*** Opening of Exercise material ***
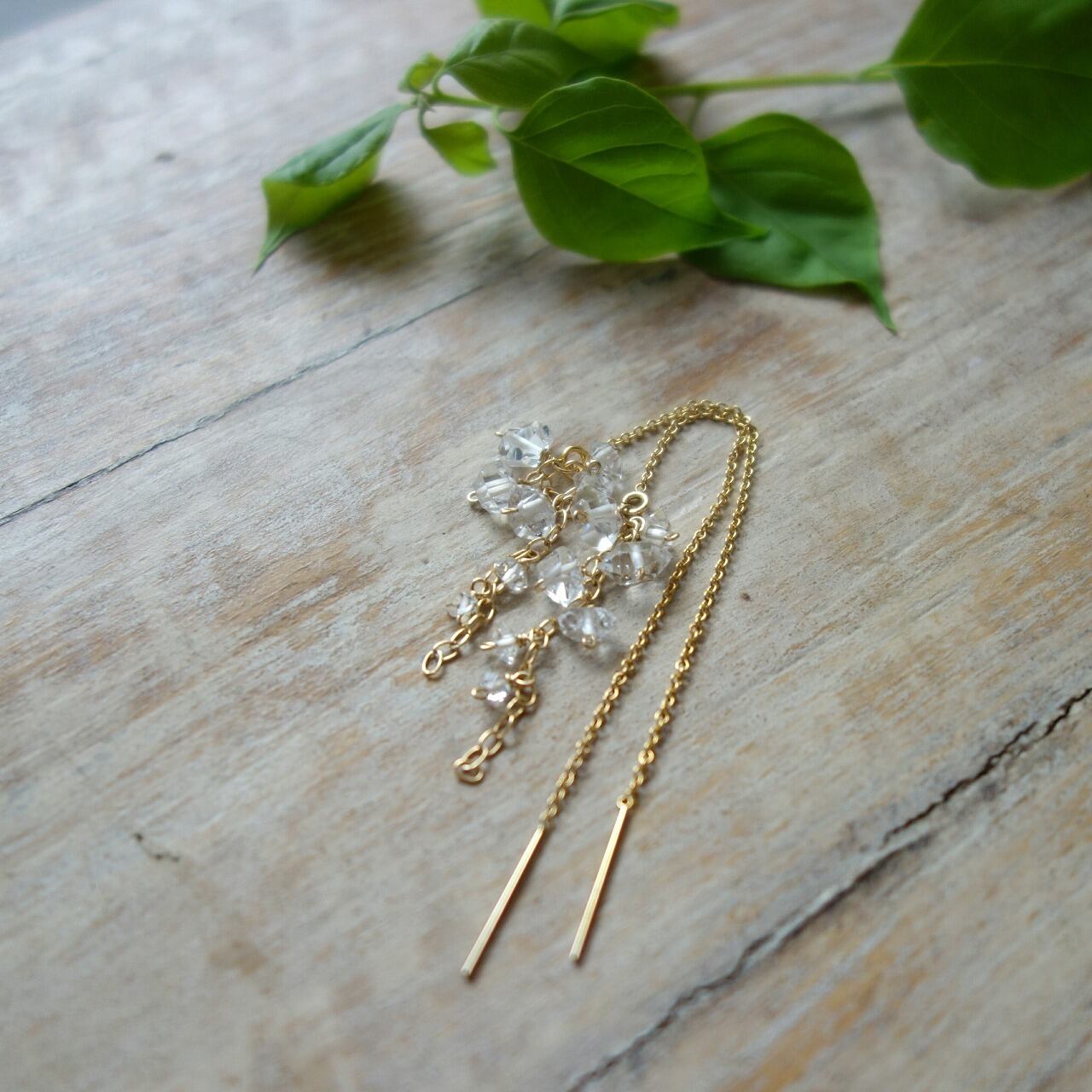 透明度の高いNY産のハーキマーダイヤモンド(水晶)をランダムに繋いだアメリカンピアスです。
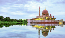 粉紅清真寺(Masjid Putra),仿造摩洛哥卡薩布蘭卡的哈桑清真寺而建,坐落在馬來西亞的新行政中心——太子城(Putrajaya,官方譯名:布城),占地面積5.5公頃,耗資1000萬美元,是馬來西亞最大的清真寺,同時也是東南亞地區最大的水上清真寺。
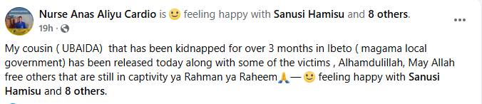 Hours before his abduction, he had posted on Facebook warning locals about the movement of bandits from Uccu towards Ibeto with a herd of stolen cattle.
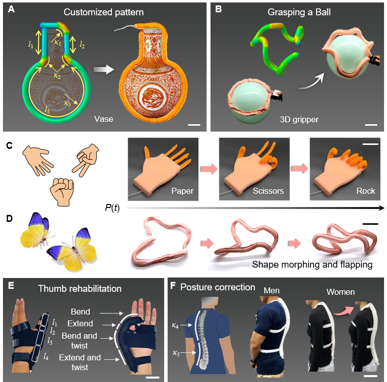 为了解决上述问题,研究团队揭示了缝纫对织物的应变约束规律,并在此基础上提出了“编码缝制约束”的力学新机制,分别将能够对针织织物拉伸性进行强约束的直线型缝边和调节的之字形缝边编码为二进制的“0”和“1”。研究团队通过嵌入不同拉伸信息的编码缝边,为气动织物软机器有效构建了各向异性力学织物约束壳,实现了力学约束设计和制造成型的一体化,进一步发展了三边编码缝边全局约束新方法。该方法可以极大降低气动织物软机器的复杂三维变形设计和理论预测难度,并提升定制化开发的效率。此外,研究团队还发现调节缝边之间的间距会改变变形的时序,并通过建立的气囊非线性膨胀和各向异性织物应变约束的耦合力学模型,准确预测了时序变形规律。
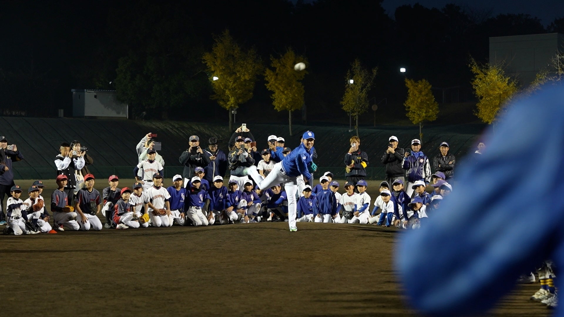 シンポジウムの後は、隣接する野球場にて、町内の少年軟式野球・ソフトボールチームを対象とした野球教室を開催。
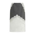 The midi wool and lace Skirt by Jil Sander embodies refined contemporary elegance. Crafted from wool canvas with lace inserts and an organza hem, it features a straight cut and a slightly high waist that subtly enhances the silhouette. The back zip fastening and strap detailing add a distinctive tailored touch, while the viscose lining ensures comfort and a flawless fit. A piece that combines precious textures with minimalist precision, true to Jil Sander’s aesthetic.
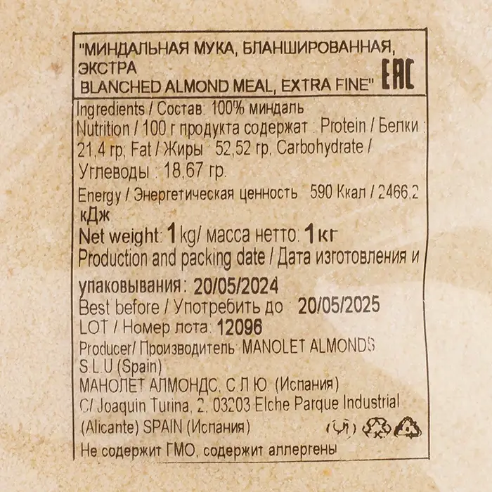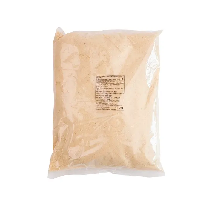 Мелко помолотый миндаль с тонким ореховым вкусом и нежным ароматом. Мука придает выпечке влажность и нежность, не дает тесту пересушиваться в духовке.
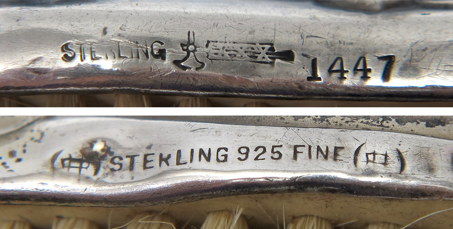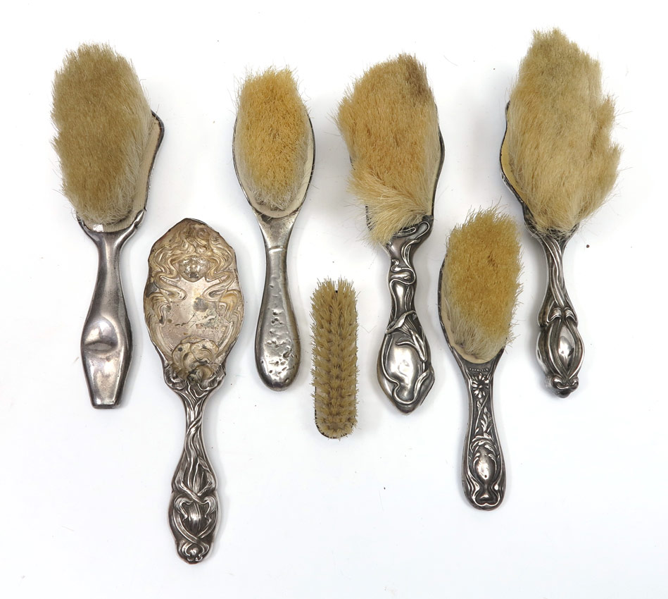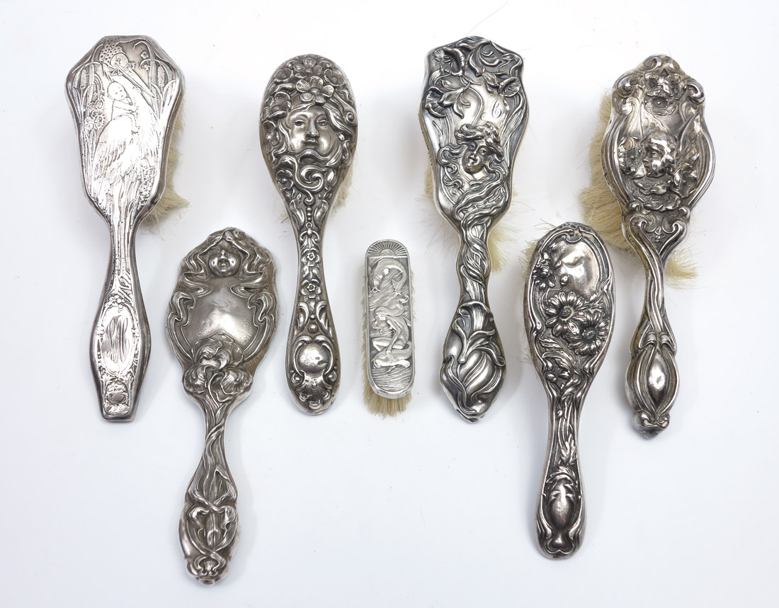 7 FIGURAL ART NOUVEAU STERLING BABY BRUSHES: 7 pieces total to include 1) Kerr baby on stork, monogrammed. 2) Unger Brothers winged child. 3) Unger Brothers child's face, missing bristles. 4) Kerr woman with floral motif, monogrammed. 5) Sterling with woman's face among flowers. 6) Sterling with floral motif. 7) Sterling nail brush with figural nude and koi fish.
*** Close of Exercise material ***
■ **Exercise aim**: With the pictures omitted, copy exactly the lines of the listing above starting at the line containing "Hours before his" and ending at the line containing "シンポジウムの後は、隣接する", both included.

■ **Your solution**:
 Hours before his abduction, he had posted on Facebook warning locals about the movement of bandits from Uccu towards Ibeto with a herd of stolen cattle.
 为了解决上述问题,研究团队揭示了缝纫对织物的应变约束规律,并在此基础上提出了“编码缝制约束”的力学新机制,分别将能够对针织织物拉伸性进行强约束的直线型缝边和调节的之字形缝边编码为二进制的“0”和“1”。研究团队通过嵌入不同拉伸信息的编码缝边,为气动织物软机器有效构建了各向异性力学织物约束壳,实现了力学约束设计和制造成型的一体化,进一步发展了三边编码缝边全局约束新方法。该方法可以极大降低气动织物软机器的复杂三维变形设计和理论预测难度,并提升定制化开发的效率。此外,研究团队还发现调节缝边之间的间距会改变变形的时序,并通过建立的气囊非线性膨胀和各向异性织物应变约束的耦合力学模型,准确预测了时序变形规律。
 シンポジウムの後は、隣接する野球場にて、町内の少年軟式野球・ソフトボールチームを対象とした野球教室を開催。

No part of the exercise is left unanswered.